--- YOUR TASK ---
All entries below need to be written out exactly, but without their pictures.

*** RECORD EXTRACTS ***

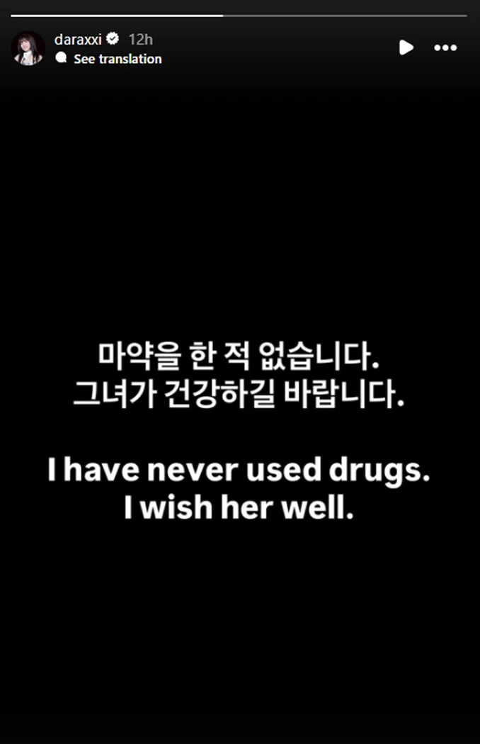 Pour rappel, tout a commencé la veille. Park Bom avait publié une longue mise au point sur ses réseaux pour revenir sur ses propres démêlés judiciaires liés à l’Adderall, ce médicament contre les troubles de l’attention qu’elle avait importé des États-Unis en 2010. Dans son message, elle avait mêlé le nom de Dara à l’affaire, laissant entendre que sa camarade avait tenté de la faire passer pour une toxicomane afin de couvrir sa propre consommation.
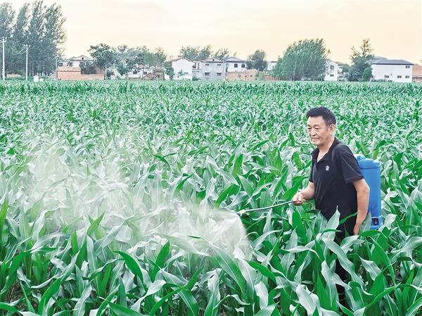連日來(lái),我市持續(xù)出現(xiàn)高溫天氣,為防治病蟲(chóng)害,確保秋糧豐收,沈丘縣積極引導(dǎo)群眾加強(qiáng)田間管理。圖為卞路口鄉(xiāng)一名群眾為玉米噴灑農(nóng)藥。
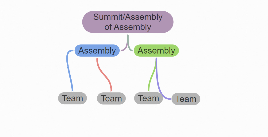 - Assemblies/summits are multiple teams (or their delegates) coming together for shared interests.
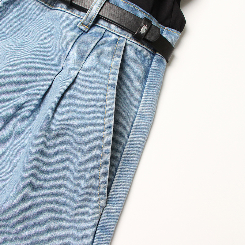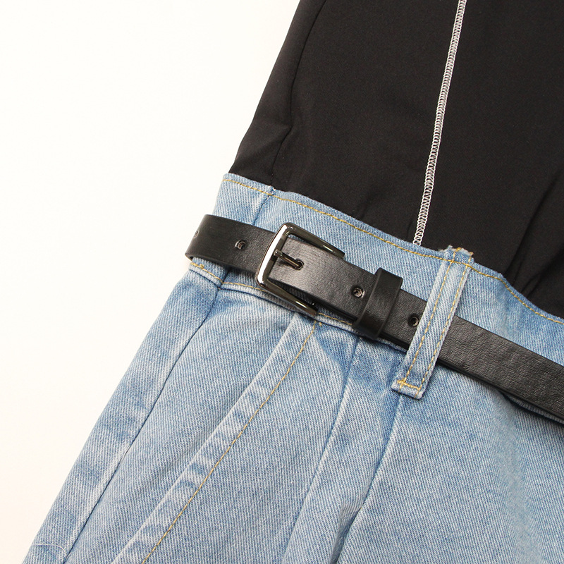 Color Contrast Stitching Denim Belt High Elasticity Slimming Flab Hiding Casual Pants Trousers
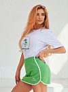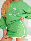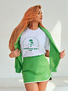 Очаровательная и соблазнительная мини-юбка спортивная из зеленого футера 2-х нитки с принтом "теннисные ракетки". На широкой резинке с удобной посадкой, легко надевается, без застежек и пуговиц, без карманов. Отделка белым кантом акцентирует внимание на красивых очертаниях и спасает от растяжения ткани. Слегка трапециевидная модель, сексуальная и комфортная, по бокам закругленные разрезы. Прекрасно корректирует фигуру и подчеркивает красоту Ваших ног. Очень качественное полотно, без начеса, по составу хлопок с небольшим содержанием полиэстера, который добавляет изделию эластичности. Для активной жизни, а также для городских образов, прогулок и дружеских встреч, для пляжной моды. Создавайте стильные и женственные ансамбли со свитшотом из нашей коллекции в тон или контраст. Демонстрируйте свою форму, оставляя загадочный шлейф восторженных глаз!

*** End of RECORD EXTRACTS ***

--- ANSWER ---
 Pour rappel, tout a commencé la veille. Park Bom avait publié une longue mise au point sur ses réseaux pour revenir sur ses propres démêlés judiciaires liés à l’Adderall, ce médicament contre les troubles de l’attention qu’elle avait importé des États-Unis en 2010. Dans son message, elle avait mêlé le nom de Dara à l’affaire, laissant entendre que sa camarade avait tenté de la faire passer pour une toxicomane afin de couvrir sa propre consommation.
連日來(lái),我市持續(xù)出現(xiàn)高溫天氣,為防治病蟲(chóng)害,確保秋糧豐收,沈丘縣積極引導(dǎo)群眾加強(qiáng)田間管理。圖為卞路口鄉(xiāng)一名群眾為玉米噴灑農(nóng)藥。
 - Assemblies/summits are multiple teams (or their delegates) coming together for shared interests.
 Color Contrast Stitching Denim Belt High Elasticity Slimming Flab Hiding Casual Pants Trousers
 Очаровательная и соблазнительная мини-юбка спортивная из зеленого футера 2-х нитки с принтом "теннисные ракетки". На широкой резинке с удобной посадкой, легко надевается, без застежек и пуговиц, без карманов. Отделка белым кантом акцентирует внимание на красивых очертаниях и спасает от растяжения ткани. Слегка трапециевидная модель, сексуальная и комфортная, по бокам закругленные разрезы. Прекрасно корректирует фигуру и подчеркивает красоту Ваших ног. Очень качественное полотно, без начеса, по составу хлопок с небольшим содержанием полиэстера, который добавляет изделию эластичности. Для активной жизни, а также для городских образов, прогулок и дружеских встреч, для пляжной моды. Создавайте стильные и женственные ансамбли со свитшотом из нашей коллекции в тон или контраст. Демонстрируйте свою форму, оставляя загадочный шлейф восторженных глаз!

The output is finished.